Removal of suspect values
SILO uses a two pass interpolation system to identify and remove suspect values from the dataset used to construct a gridded surface. Suspect values are excluded from the interpolation so they do not adversely affect the gridded surface. Removal of suspect values from the interpolation also impacts SILO’s point datasets:
Point datasets at gridded locations are constructed using the gridded surfaces. Withholding a suspect value from the interpolation will result in localised changes to the fitted surface, so point datasets in the vicinity of the withheld datum will be affected.

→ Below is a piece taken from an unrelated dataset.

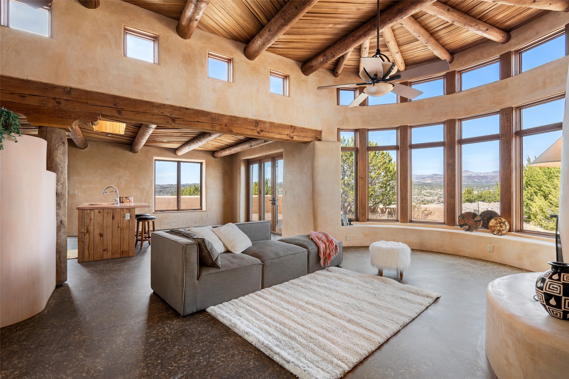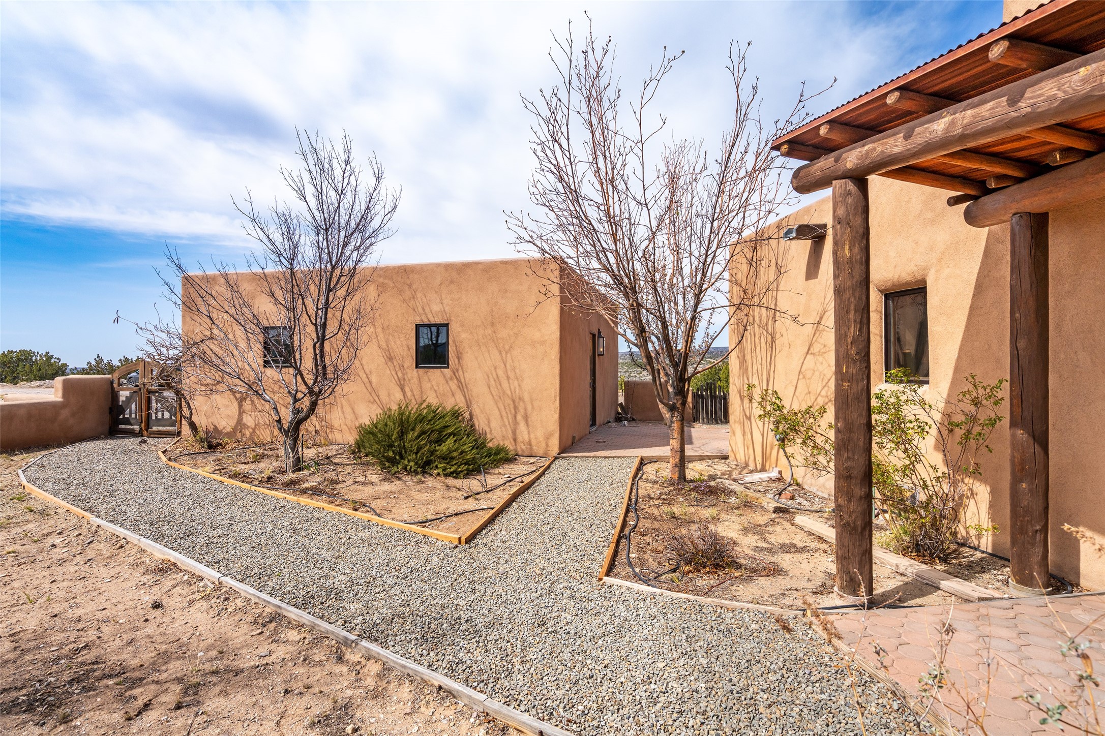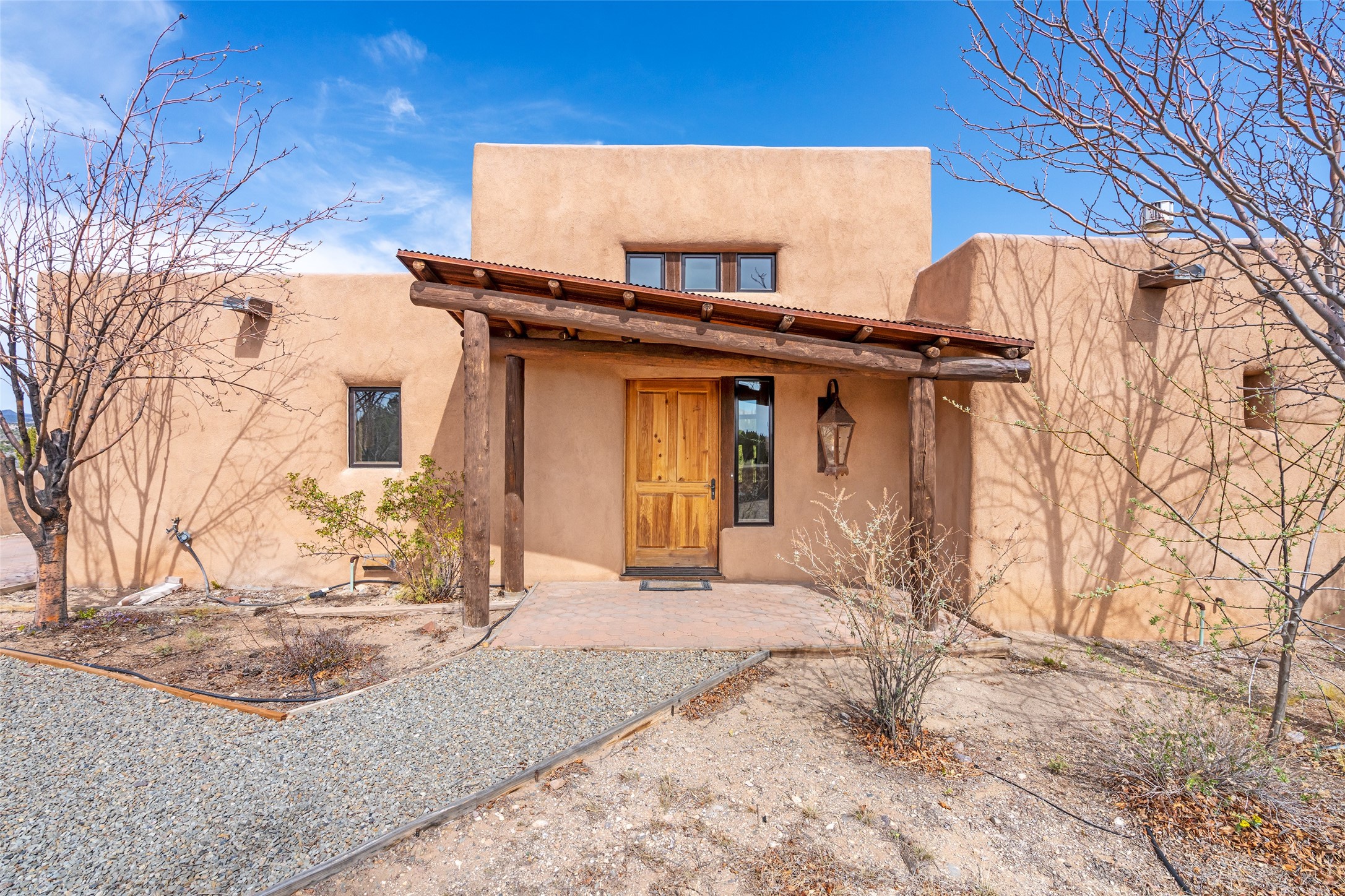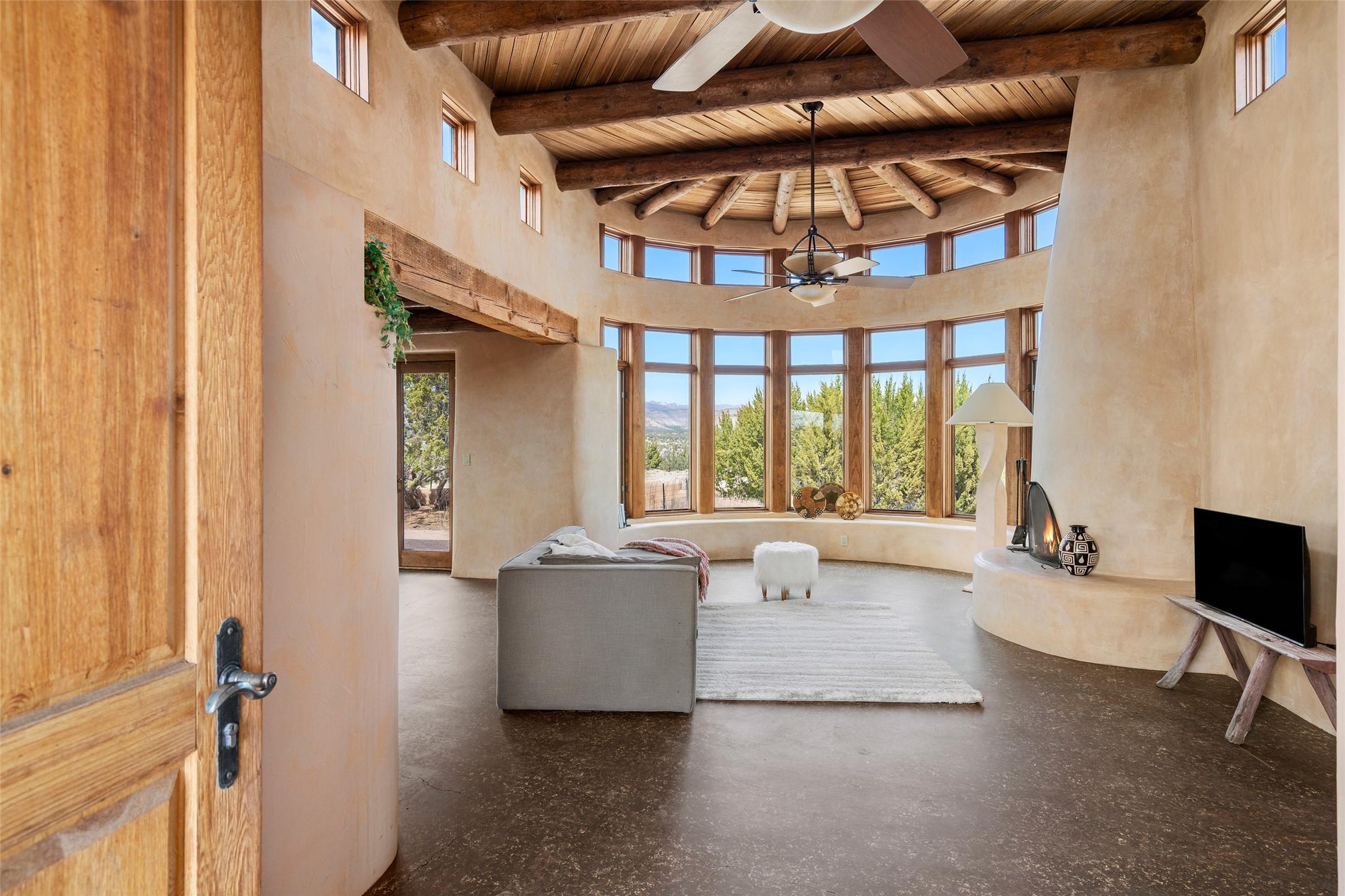 Experience timeless Santa Fe style in this stunning custom-built straw bale home wheresustainability meets classic Southwestern charm. Perched to capture sweepingpanoramic views from inside and the brick patio along the side by the kitchen.Step inside to find traditional Santa Fe details throughout--exposed wood beams,vigas, and latillas that create a warm, rustic ambiance. The spacious living room is theheart of the home, featuring floor-to-ceiling windows that flood the space with naturallight and perfectly frame the surrounding landscape. A kiva fireplace adds a touch ofcomfort and tradition. The kitchen boasts custom cabinets, double oven, pantry andsmall desk area, the counters are beautiful copper. Floors throughout are-stainedconcrete with in-floor heating. There is a swamp cooler for summer. Bathrooms alsohave custom cabinetry and sinks, both with walk-in showers.Whether you are enjoying the stunning sunsets from the patio or simply soaking in theserene beauty of the high desert on the local hiking trails, this home is a rare blend ofcraftsmanship, sustainability, and Southwestern style.

Point datasets at station locations may not be consistent with interpolated data at the nearest grid point, because the station point dataset may contain observed data which were rejected by the interpolation system.
Grid point latitude, longitude and elevation
Interpolated estimates are computed at the latitude and longitude at the centre of the given pixel, and if appropriate, the mean elevation for the entire pixel.